Here are nine such players to keep tabs on when the 29-game spring schedule begins Thursday.
Dean Anna. After six seasons in the minors, the utility infielder opened the season with the Yankees in 2014. He was cut soon enough and landed with the Pirates' Class AAA club in Indianapolis. Pittsburgh dropped him after the season and the Cardinals signed him to a one-year, major league deal. Anna will need an impressive showing in the exhibition season to stick with the Cardinals.
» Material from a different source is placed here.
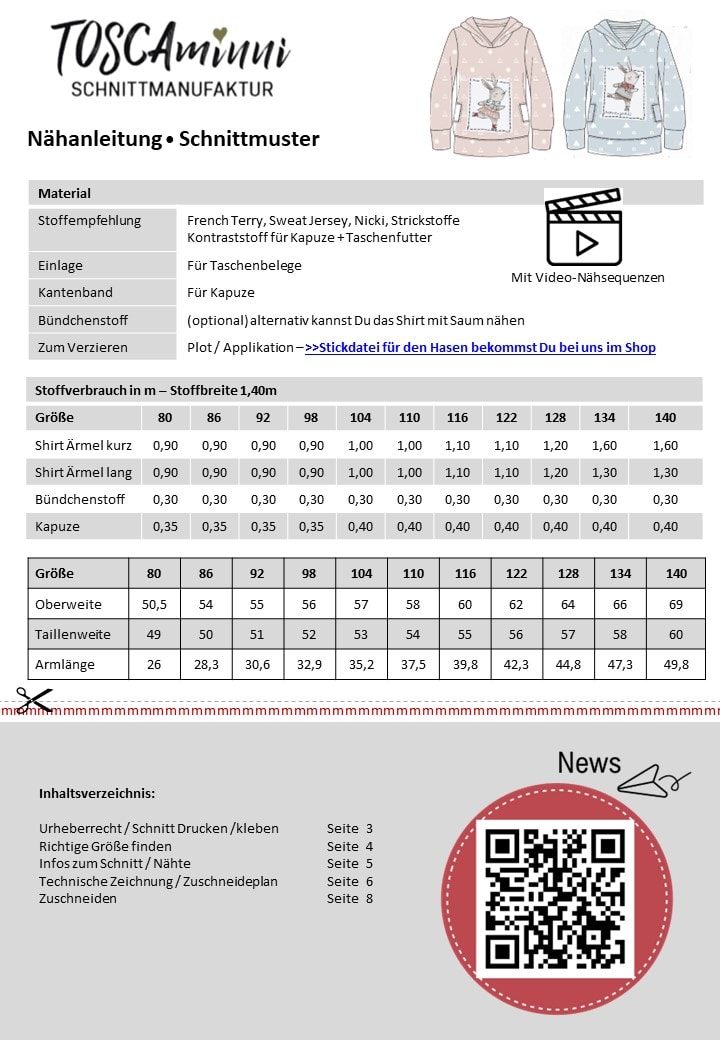 • Stoffempfehlung: Sweatstoff, Jersey, French Terry, Nicki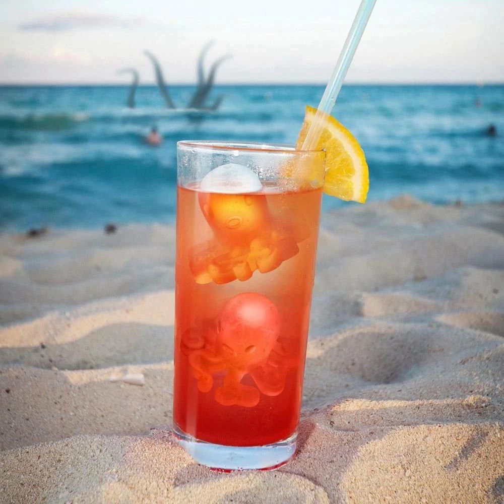 - Ice mold makes up to four octopuses to set in tumblers, drinking glasses, and water bottles

Tim Cooney. A third-round pick in 2012, Cooney got a chance in big-league camp last year and did not do much with it. Known for impeccable command, the left-hander walked four in six innings. He also gave up nine hits and 10 runs. Cooney enjoyed a strong season at Memphis last year, though, and remains near the front of the line for a sixth-starter-type job. How far Cooney pushes someone such as Tyler Lyons for that kind of role will depend on how well he pitches in camp. Cooney should not lack for opportunities; he is scheduled to follow Carlos Martinez in Thursday's exhibition opener against the Marlins.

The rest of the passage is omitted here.